Juliet Foster is a social psychologist who has conducted qualitative research on the views of clients (her term) attending two day centres and a group admitted to an acute ward. She was interested in their understanding of their own illnesses, how this differed from the formulations made by the psychiatric staff, the effect of becoming a service user on their self-image, and the process by which they came to terms with the changes in their lives. She supplemented this ethnographic material with an analysis of texts from four newsletters produced by mental health organisations for a readership of users and carers. Her aim was to give a voice to the users of our services whose views are often unsought or disregarded. She writes that:

‘In the realm of academia, the voices of those who have been diagnosed with and considered to have mental health problems have been conspicuously absent’.

She interviewed over eighty service users, but the recorded quotes and reported comments do not reflect the richness and diversity I expected from a sample of this size. After an introductory chapter setting out her aims, she presents an extensive review of the literature on the attitude to people with mental illness of the public, professionals and the users themselves, the latter being scanty and justifying her research. All the usual suspects have been rounded up, and readers familiar with this field could skip this section. The next few chapters on sociological constructs and the author's method failed to grip my interest, and I was relieved when I finally arrived at the meat of the book, where the voices of users speak out. The users' recourse to humour in their characterisation of the professionals involved in their care is both surprising and amusing. The structure of the ward round or user review allows no opportunity to demonstrate their fund of irony and satire, and few professionals become aware of this counterculture.

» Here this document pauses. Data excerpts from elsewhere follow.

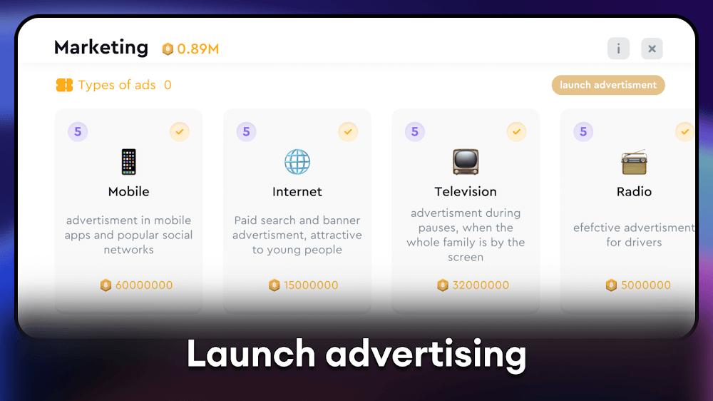 El marketing es otro componente esencial del juego, ya que es un factor clave para persuadir a los clientes para que compren tus atractivos teléfonos inteligentes. Puedes vender tus atractivos teléfonos inteligentes invirtiendo dinero en publicidad exterior como vallas publicitarias, bancos de autobús y otra publicidad exterior, así como encargando anuncios de radio o televisión. Si tus operaciones de marketing son más exitosas, los clientes se sentirán atraídos por tu marca con más frecuencia, lo que conducirá a más ventas.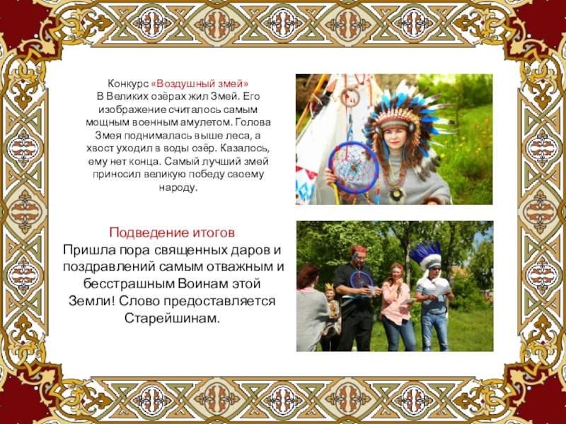 Старейшины, обещаем судить честно и справедливо. У индейцев такой обычай- за каждый подвиг воин мог в свой головной убор поместить одно перо. Чем пышнее головной убор, тем больше побед и заслуг. Ваша задача- как можно больше заслужить перьев для своего племени. И пусть пошлют вам небеса- достойной победы, о наши славные воины! Желаем с честью пройти все испытания, не потеряв ни одного скальпа.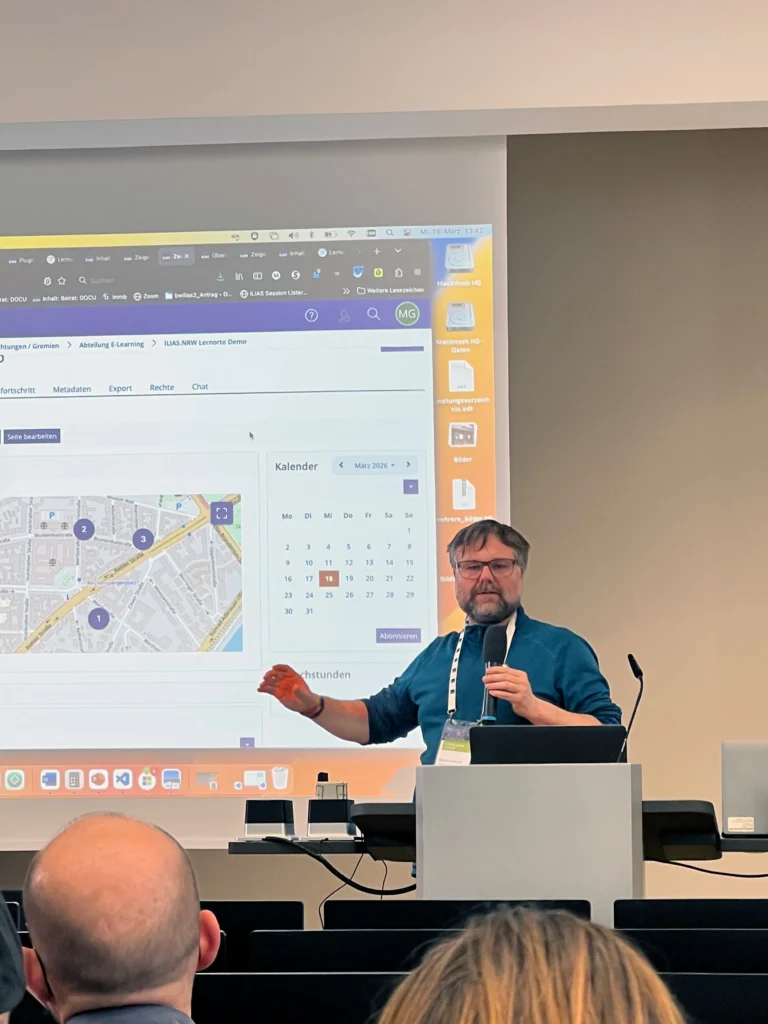 Auch im Bereich Qualitätssicherung kommt KI zum Einsatz: Maximilian Becker (Databay AG) präsentierte Ansätze für automatisierte Testszenarien, mit denen sich neue Releases von ILIAS auf Stabilität und Funktionalität prüfen lassen.
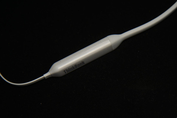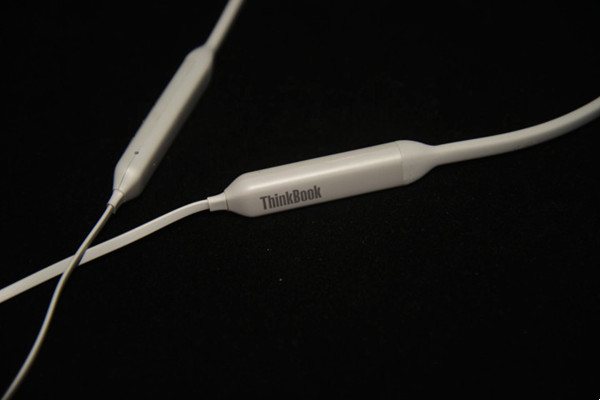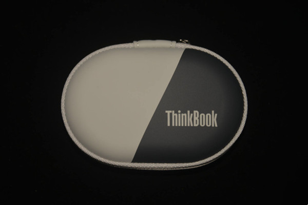 耳机主体采用传统的设计风格,背部清晰的铭刻了“ThinkBook”的品牌标识,具有磁吸功能,方便使用和收纳。45°左右的入耳角度设计,更加符合人体工学。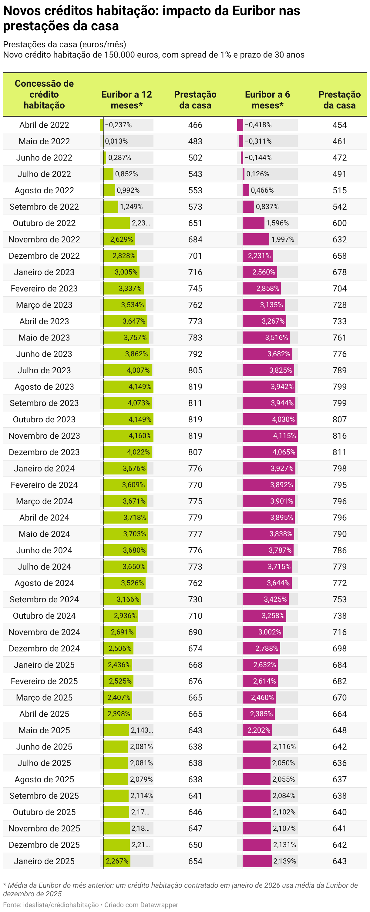 Geral Crédito habitação em janeiro de 2026? Estas são as prestações da casa Taxas Euribor continuam trajetória de subida ligeira na reta final de 2025. Mas impacto nas prestações é pequeno. 05 jan 2026 min de leitura O ano de 2026 arranca com ligeiros aumentos das prestações da casa para os novos créditos habitação a taxa variável. Isto porque as taxas Euribor voltaram a registar uma subida mensal em dezembro, seguindo a tendência observada desde o verão de 2025. Nos contratos existentes, só quem tem empréstimos indexados à Euribor a 12 meses é que verá a prestação da casa a ser revista em baixa em janeiro. Há vários meses que os analistas de mercado têm apontado para uma estabilização da Euribor em torno de 2%, em linha com a manutenção das taxas de juro diretoras do Banco Central Europeu no mesmo patamar desde julho até dezembro de 2025. Mas, desde o verão, têm-se sentido ligeiros aumentos deste indexante mês após mês. Em dezembro não foi diferente. Uma vez mais, Euribor subiu para todos os prazos, ainda que ligeiramente, deixando as taxas médias mensais nos seguintes valores no último mês de 2025: Euribor a 12 meses: fixou-se em 2,267% em dezembro, mais 0,05 pontos percentuais (p.p.) face ao mês anterior; Euribor a 6 meses: média mensal voltou a subir para 2,139% em dezembro, mais 0,008 p.p. do que em novembro; Euribor a 3 meses: aumentou para 2,048% em dezembro, uma subida mensal de 0,006 p.p.. Euribor a 3, 6 e 12 meses: como evoluiu nos últimos anos? Taxa média mensal desde maio de 2007 até dezembro de 2025 200820102012201420162018202020222024−10123456%Euribor 12 mesesDez ’112,008%Euribor 12 mesesDez ’112,008% Euribor 3 meses Euribor 12 meses Euribor 6 meses Criado com Datawrapper Prestações da casa iniciam 2026 com ligeira subida mensal A ligeira subida das médias mensais da Euribor em dezembro foi suficiente para se refletir em alguns euros nas prestações da casa calculadas para os novos créditos habitação contratados em janeiro de 2026. O impacto será maior no prazo mais longo. É isso que mostram as simulações do idealista/créditohabitação, que têm em conta um empréstimo da casa a taxa variável contratado em janeiro (que usa a média mensal da Euribor de dezembro) no valor de 150.000 euros, com spread 1% e prazo de 30 anos: Euribor a 12 meses: a prestação da casa será de 654 euros nos doze meses começados em janeiro de 2026, mais quatro euros face a um empréstimo contratado em dezembro de 2025; Euribor a 6 meses: a prestação da casa a pagar em janeiro e nos cinco meses seguintes será de 643 euros, apenas mais um euro face à prestação calculada para um crédito assinado no último mês de 2025; Euribor a 3 meses: a prestação da casa será de 636 euros nos primeiros três meses do contrato, mais um euro do que no mês anterior. Novos créditos habitação: impacto da Euribor nas prestações da casa Prestações da casa (euros/mês) Novo crédito habitação de 150.000 euros, com spread de 1% e prazo de 30 anos Table with 5 columns and 46 rows. (column headers with buttons are sortable) Concessão de crédito habitação Euribor a 12 meses* Prestação da casa Euribor a 6 meses* Prestação da casa Abril de 2022 −0,237% −0,237% −0,237% 466 −0,418% −0,418% −0,418% 454 Maio de 2022 0,013% 0,013% 0,013% 483 −0,311% −0,311% −0,311% 461 Junho de 2022 0,287% 0,287% 0,287% 502 −0,144% −0,144% −0,144% 472 Julho de 2022 0,852% 0,852% 0,852% 543 0,126% 0,126% 0,126% 491 Agosto de 2022 0,992% 0,992% 0,992% 553 0,466% 0,466% 0,466% 515 Setembro de 2022 1,249% 1,249% 1,249% 573 0,837% 0,837% 0,837% 542 Outubro de 2022 2,233% 2,233% 2,233% 651 1,596% 1,596% 1,596% 600 Novembro de 2022 2,629% 2,629% 2,629% 684 1,997% 1,997% 1,997% 632 Dezembro de 2022 2,828% 2,828% 2,828% 701 2,231% 2,231% 2,231% 658 Janeiro de 2023 3,005% 3,005% 3,005% 716 2,560% 2,560% 2,560% 678 Fevereiro de 2023 3,337% 3,337% 3,337% 745 2,858% 2,858% 2,858% 704 Março de 2023 3,534% 3,534% 3,534% 762 3,135% 3,135% 3,135% 728 Abril de 2023 3,647% 3,647% 3,647% 773 3,267% 3,267% 3,267% 733 Maio de 2023 3,757% 3,757% 3,757% 783 3,516% 3,516% 3,516% 761 Junho de 2023 3,862% 3,862% 3,862% 792 3,682% 3,682% 3,682% 776 Julho de 2023 4,007% 4,007% 4,007% 805 3,825% 3,825% 3,825% 789 Agosto de 2023 4,149% 4,149% 4,149% 819 3,942% 3,942% 3,942% 799 Setembro de 2023 4,073% 4,073% 4,073% 811 3,944% 3,944% 3,944% 799 Outubro de 2023 4,149% 4,149% 4,149% 819 4,030% 4,030% 4,030% 807 Novembro de 2023 4,160% 4,160% 4,160% 819 4,115% 4,115% 4,115% 816 Dezembro de 2023 4,022% 4,022% 4,022% 807 4,065% 4,065% 4,065% 811 Janeiro de 2024 3,676% 3,676% 3,676% 776 3,927% 3,927% 3,927% 798 Fevereiro de 2024 3,609% 3,609% 3,609% 770 3,892% 3,892% 3,892% 795 Março de 2024 3,671% 3,671% 3,671% 775 3,901% 3,901% 3,901% 796 Abril de 2024 3,718% 3,718% 3,718% 779 3,895% 3,895% 3,895% 796 Maio de 2024 3,703% 3,703% 3,703% 777 3,838% 3,838% 3,838% 790 Junho de 2024 3,680% 3,680% 3,680% 776 3,787% 3,787% 3,787% 786 Julho de 2024 3,650% 3,650% 3,650% 773 3,715% 3,715% 3,715% 779 Agosto de 2024 3,526% 3,526% 3,526% 762 3,644% 3,644% 3,644% 772 Setembro de 2024 3,166% 3,166% 3,166% 730 3,425% 3,425% 3,425% 753 Outubro de 2024 2,936% 2,936% 2,936% 710 3,258% 3,258% 3,258% 738 Novembro de 2024 2,691% 2,691% 2,691% 690 3,002% 3,002% 3,002% 716 Dezembro de 2024 2,506% 2,506% 2,506% 674 2,788% 2,788% 2,788% 698 Janeiro de 2025 2,436% 2,436% 2,436% 668 2,632% 2,632% 2,632% 684 Fevereiro de 2025 2,525% 2,525% 2,525% 676 2,614% 2,614% 2,614% 682 Março de 2025 2,407% 2,407% 2,407% 665 2,460% 2,460% 2,460% 670 Abril de 2025 2,398% 2,398% 2,398% 665 2,385% 2,385% 2,385% 664 Maio de 2025 2,143% 2,143% 2,143% 643 2,202% 2,202% 2,202% 648 Junho de 2025 2,081% 2,081% 2,081% 638 2,116% 2,116% 2,116% 642 Julho de 2025 2,081% 2,081% 2,081% 638 2,050% 2,050% 2,050% 636 Agosto de 2025 2,079% 2,079% 2,079% 638 2,055% 2,055% 2,055% 637 Setembro de 2025 2,114% 2,114% 2,114% 64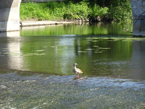Mitten drin sitzt eine Nilgans. Diesjahr verfolgen uns die Gänse.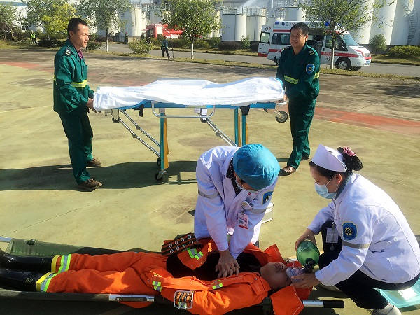 ? ? ? ? 演练现场设置在司能石油化工有限公司D401原材料储罐外,演练科目设置为员工在对储罐进行补焊作业时突发火灾,火灾现场临近柴油储罐,两名微型消防人员进行自救时受伤、昏迷被困现场。演练按先期应急处置,企业自救和紧急疏散,消防大队和120急救中心人员现场一起出动应急救援,污染排查,总结等五个环节进行。整个演练过程环环相扣,有条不紊,各应急队伍、救援队伍紧密配合,协同作战,最终成功控制了事故损失的进一步扩大,消除了事故的危害,获得了圆满成功。演练历时约1小时30分,共有95人参加演练,出动消防车6辆,120急救车1辆,以及安监、交警、环保等应急救援车辆3部。

One user on the admission ward referred to a psychiatric nurse as Nurse Ratched (from One Flew Over the Cuckoo's Nest). When Foster asked him which nurse he was referring to, he replied that it could have been any of the three on duty.

Foster's thesis, which the book title reflects, is that:

‘Clients use their own experience to describe, define and make sense of mental health problems in general, and that their definitions also change and develop as the client's experience changes and develops, and as they interact with other individuals’.

Hence her metaphor of a journey. Her conclusion is that:

‘suffering from a psychosis does not negate that client's beliefs about his or her own mental health and treatment’.

I endorse this statement emphatically and urge you to read this book if you doubt it. The structure of the book is much more that of a research dissertation than a narrative, and I would have welcomed a much greater proportion spent on users' own words and reflections. However, Foster does us a service by flattening the professional hierarchy and allowing us the always enlightening, and sometimes chastening, experience of hearing what our clients think of us and our treatments.